**Task statement:** Please give the lines below again exactly as they stand, from the one that contains "Fleepmart Sexy Solid" up to and including the one that contains "time: 1 minute", leaving all pictures out.

**Task data:**
╭──

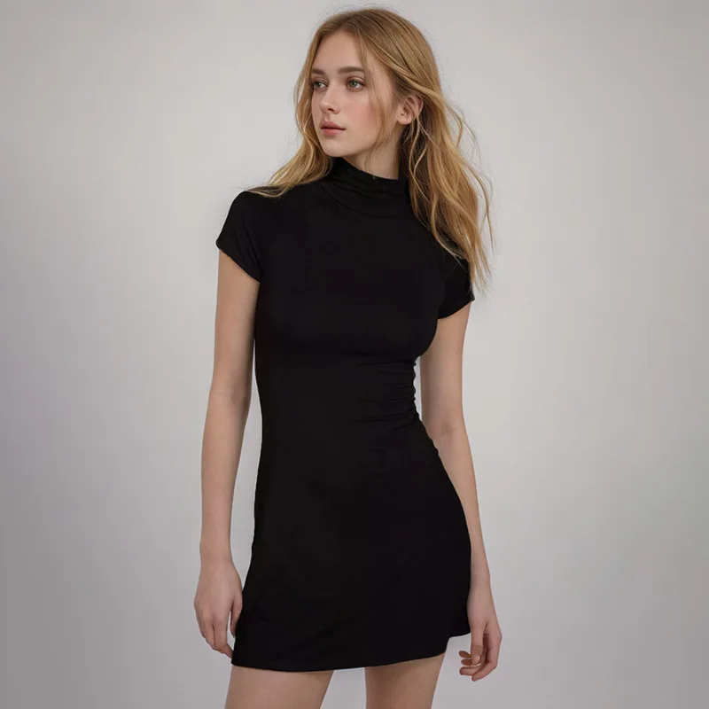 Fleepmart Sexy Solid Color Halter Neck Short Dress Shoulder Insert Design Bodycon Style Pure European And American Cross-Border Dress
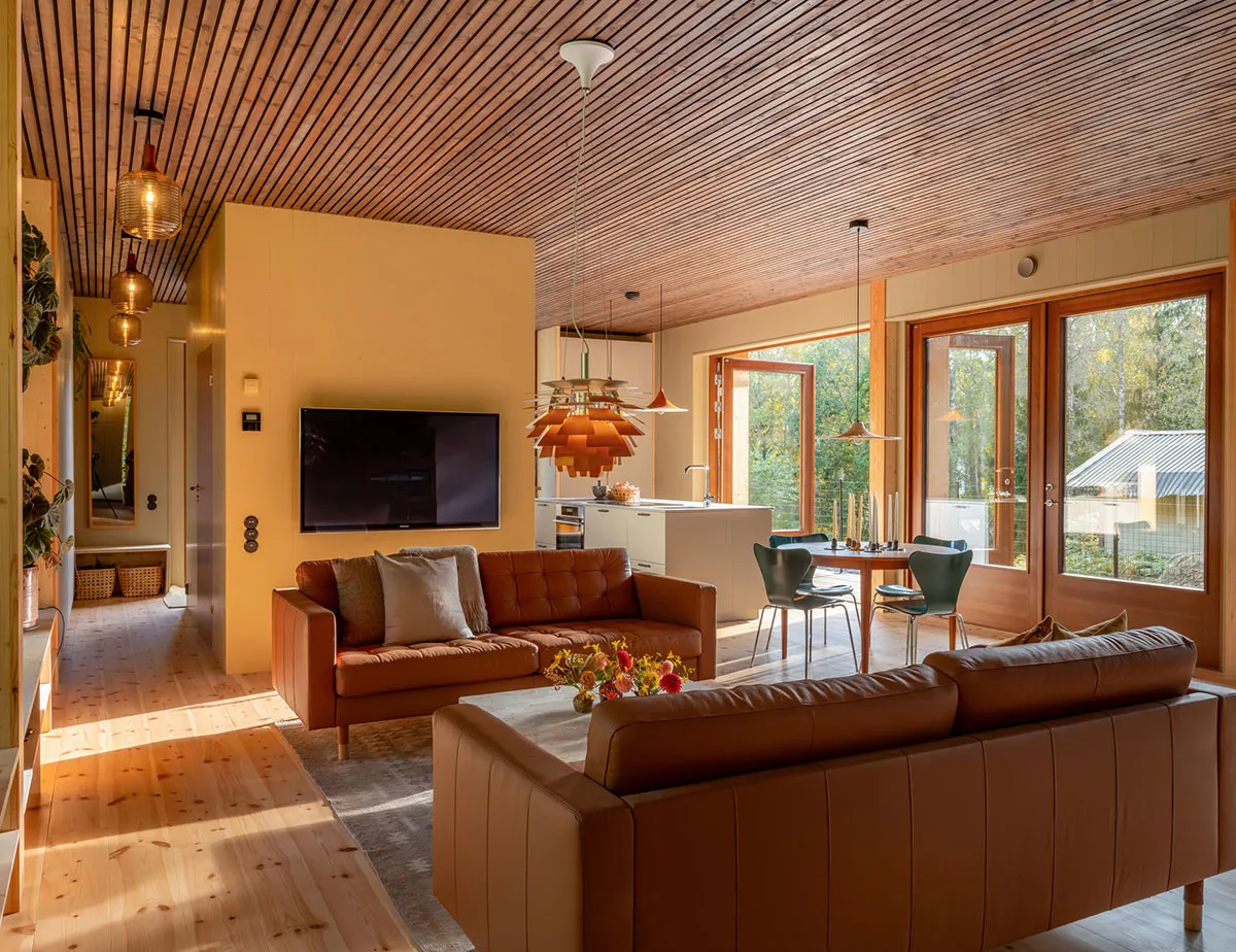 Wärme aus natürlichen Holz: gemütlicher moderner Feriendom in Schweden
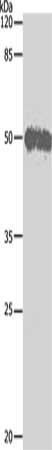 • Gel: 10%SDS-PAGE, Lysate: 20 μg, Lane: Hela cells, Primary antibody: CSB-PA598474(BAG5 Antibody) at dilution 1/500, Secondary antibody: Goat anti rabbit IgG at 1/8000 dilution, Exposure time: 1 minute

╰──
╭──

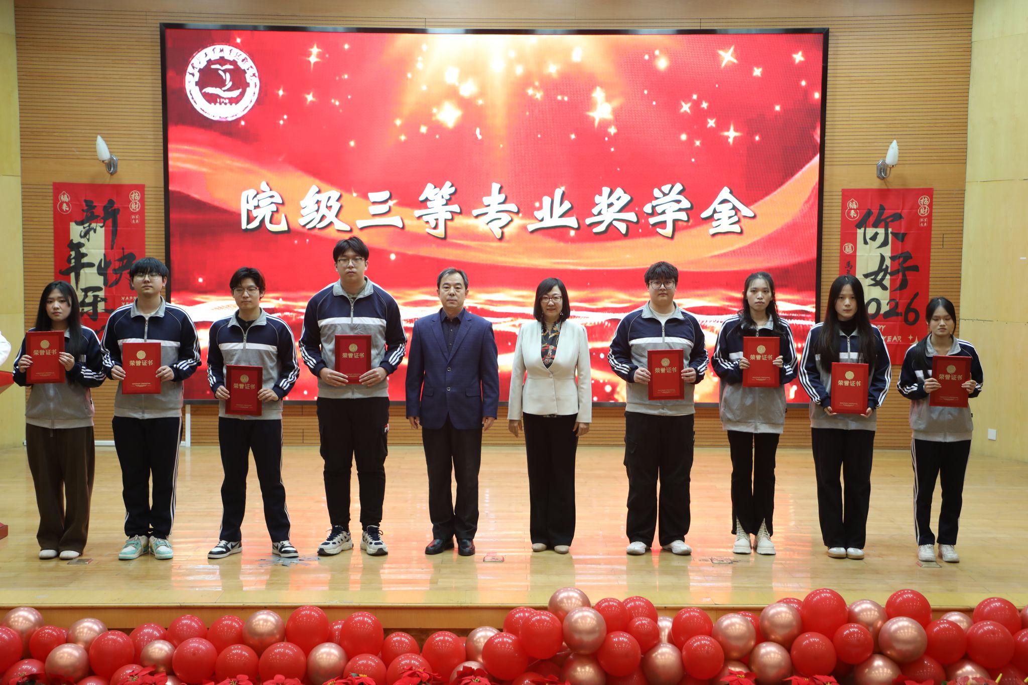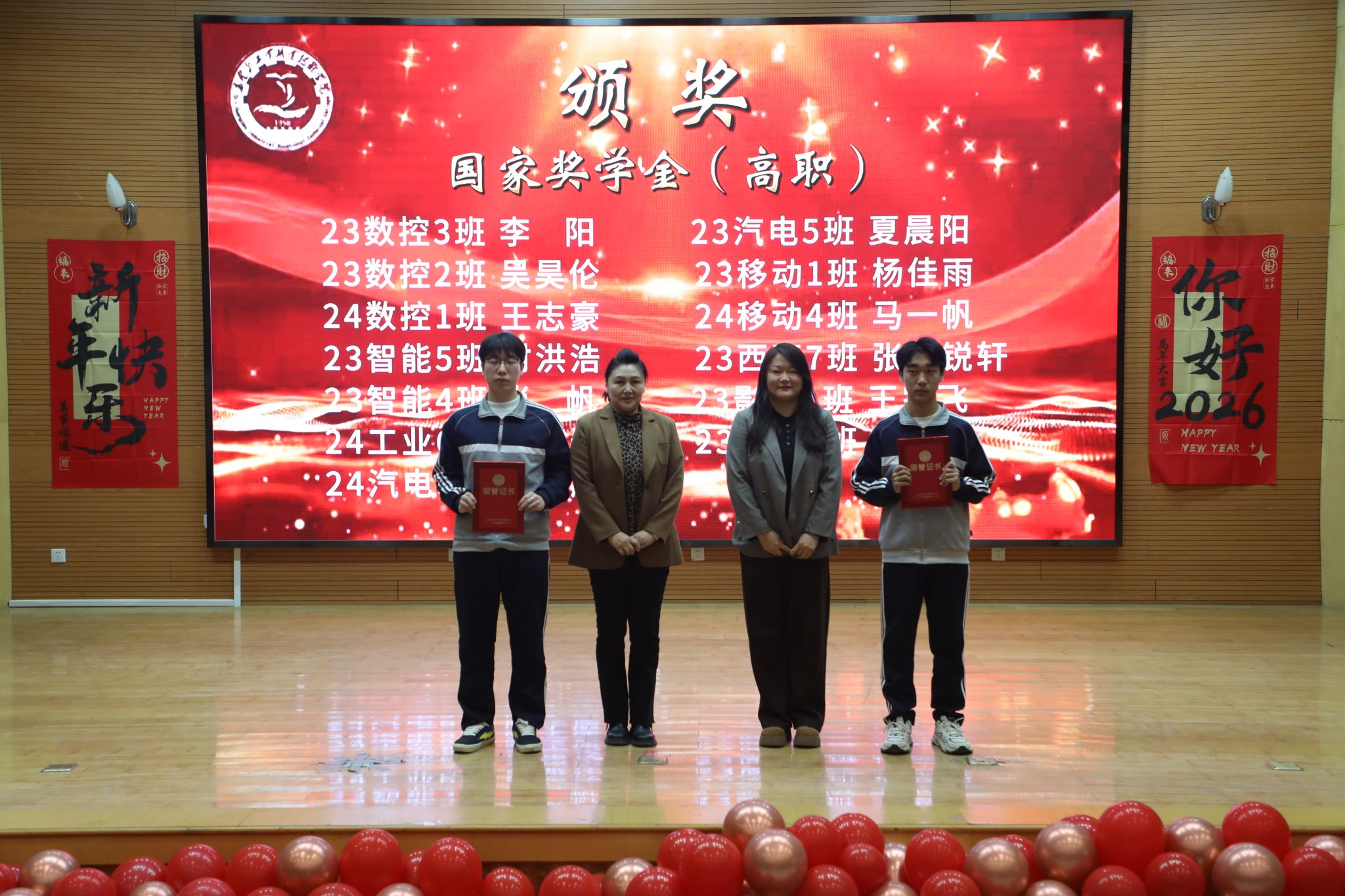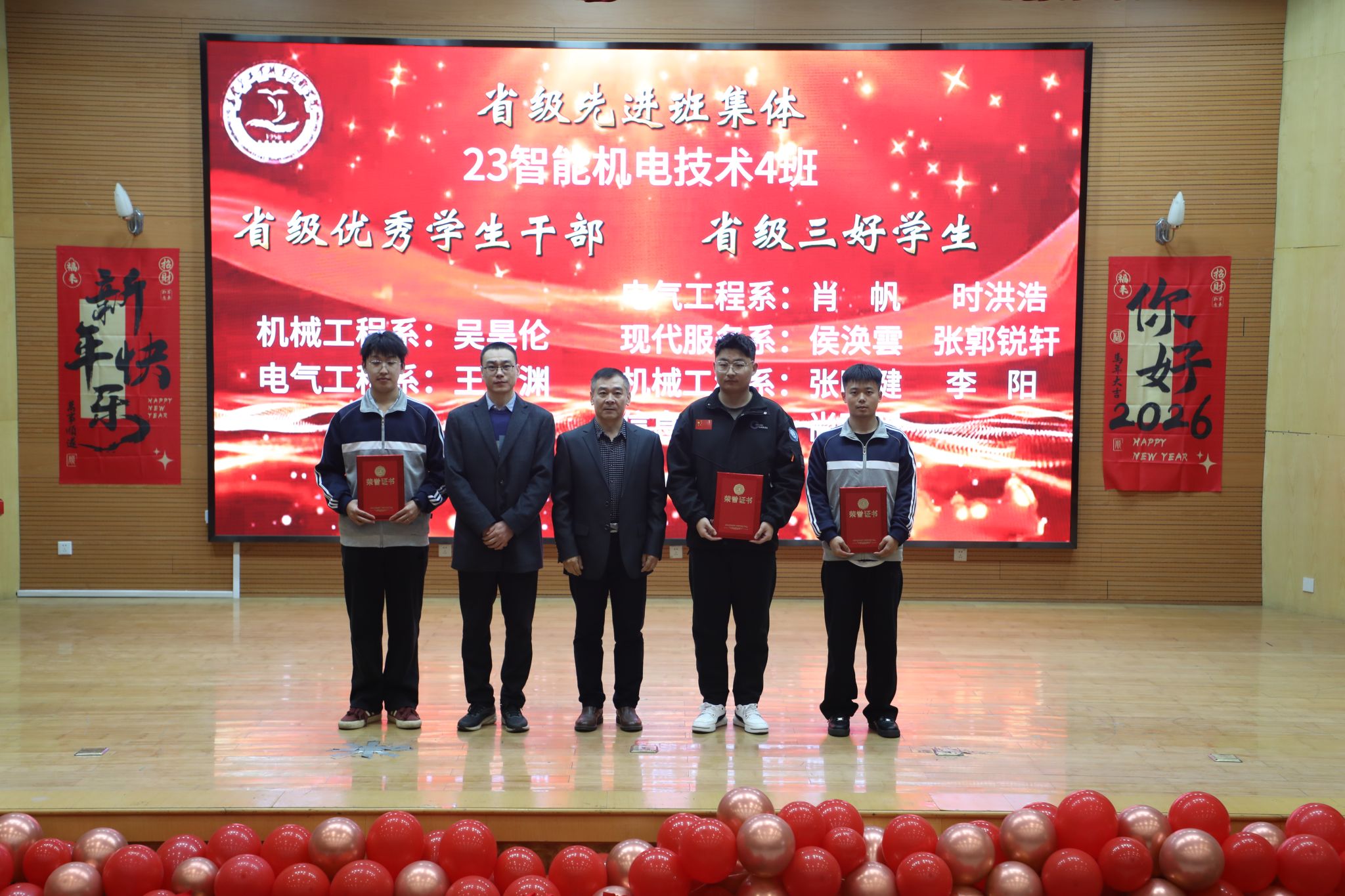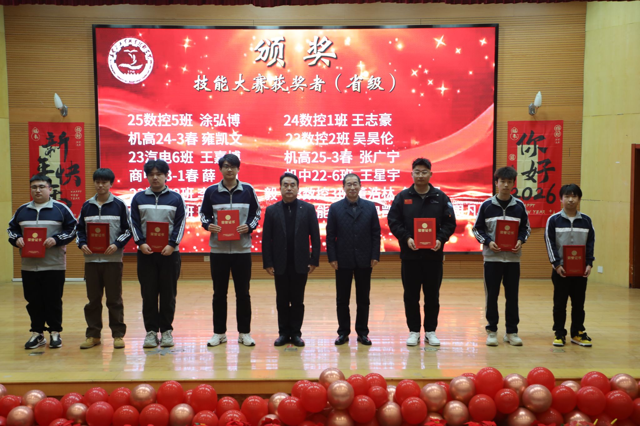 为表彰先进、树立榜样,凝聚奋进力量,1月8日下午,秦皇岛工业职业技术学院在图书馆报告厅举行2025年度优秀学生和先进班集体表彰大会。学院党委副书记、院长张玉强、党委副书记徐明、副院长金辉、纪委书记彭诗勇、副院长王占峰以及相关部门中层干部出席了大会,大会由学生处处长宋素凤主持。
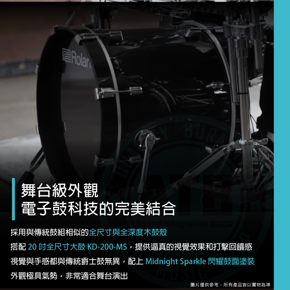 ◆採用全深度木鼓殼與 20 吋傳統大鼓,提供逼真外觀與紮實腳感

╰──

**Answer:**
 Fleepmart Sexy Solid Color Halter Neck Short Dress Shoulder Insert Design Bodycon Style Pure European And American Cross-Border Dress
 Wärme aus natürlichen Holz: gemütlicher moderner Feriendom in Schweden
 • Gel: 10%SDS-PAGE, Lysate: 20 μg, Lane: Hela cells, Primary antibody: CSB-PA598474(BAG5 Antibody) at dilution 1/500, Secondary antibody: Goat anti rabbit IgG at 1/8000 dilution, Exposure time: 1 minute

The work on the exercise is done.